Laboratoire Sciences et Ingénierie de la Matière Molle, (SIMM)

Adresse:ESPCI, 10 Rue Vauquelin 75005 Paris

Directeur du laboratoire : Christian Frétigny

Responsables du stage : Dominique HOURDET
Contact : Dominique Hourdet / 0140794643 / 0140794683


Scientific project :
By covalently crosslinking water-soluble polymers, it is possible to get soft elastic materials with defined shape (nano-, micro- or macroscopic) that display very interesting swelling and sieving properties. They are actually involved in many applications as superabsorbants, electrophoresis, contact lenses, drug delivery and scaffolds for tissue engineering. However an important issue with hydrogels is that these elastic materials are generally very brittle as they do not have many intrinsic mechanisms to retard fracture propagation. 
Recent works on hydrogels have shown that their mechanical properties could be drastically reinforced by introducing weak interactions in the covalent network. This is typically the case when hydrophobic interactions are introduced inside a hydrophilic 3D structure1,2 or when the polymer matrix specifically interacts with inorganic particles3-5. Whereas these secondary interactions cannot be finely triggered within these hybrid hydrogels, we have recently designed original networks where the physical interactions can be easily switched “on/off” by tuning the temperature6,7
Initially based on a graft copolymer strategy, combining a water-soluble polymer with a polymer exhibiting by a Lower Critical Solution Temperature in aqueous media (LCST), these new hydrogels have shown a dramatic enhancement of their mechanical properties upon heating which are correlated with the micro-phase separation induced by the collapse of the thermoresponsive polymer ; the water-soluble macromolecular counterpart allowing to keep the volume integrity of the gel during the phase transition (see Figure 1). 
This strategy, which was successfully extended to other architectures like interpenetrated networks (IPN), is really exciting as it paves the way to new ideas for developing soft materials with stimuli-responsive toughness playing with the chemical nature of macromolecules and/or their architectures.
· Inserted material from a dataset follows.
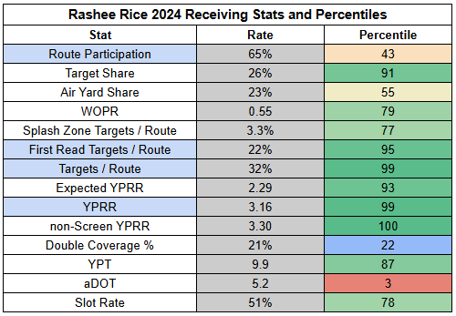 But, at the very least, Rice is likely to have a high target rate when on the field—that's kind of his thing. And even if Rice doesn't play on every dropback, there should be plenty of dropbacks.

Figure 1. Thermo-toughening of hydrogels under isochoric conditions7 : the collapse of red polymer chains can be triggered by temperature, while water-soluble blue chains prevent drastic volume change.
The project of this master internship, that will come to support the PhD work of Cécile Mussault, will be devoted to the synthesis and characterization of new hydrogels designed with grafted and/or semi-interpenetrated architectures based on different thermo-responsive precursors. 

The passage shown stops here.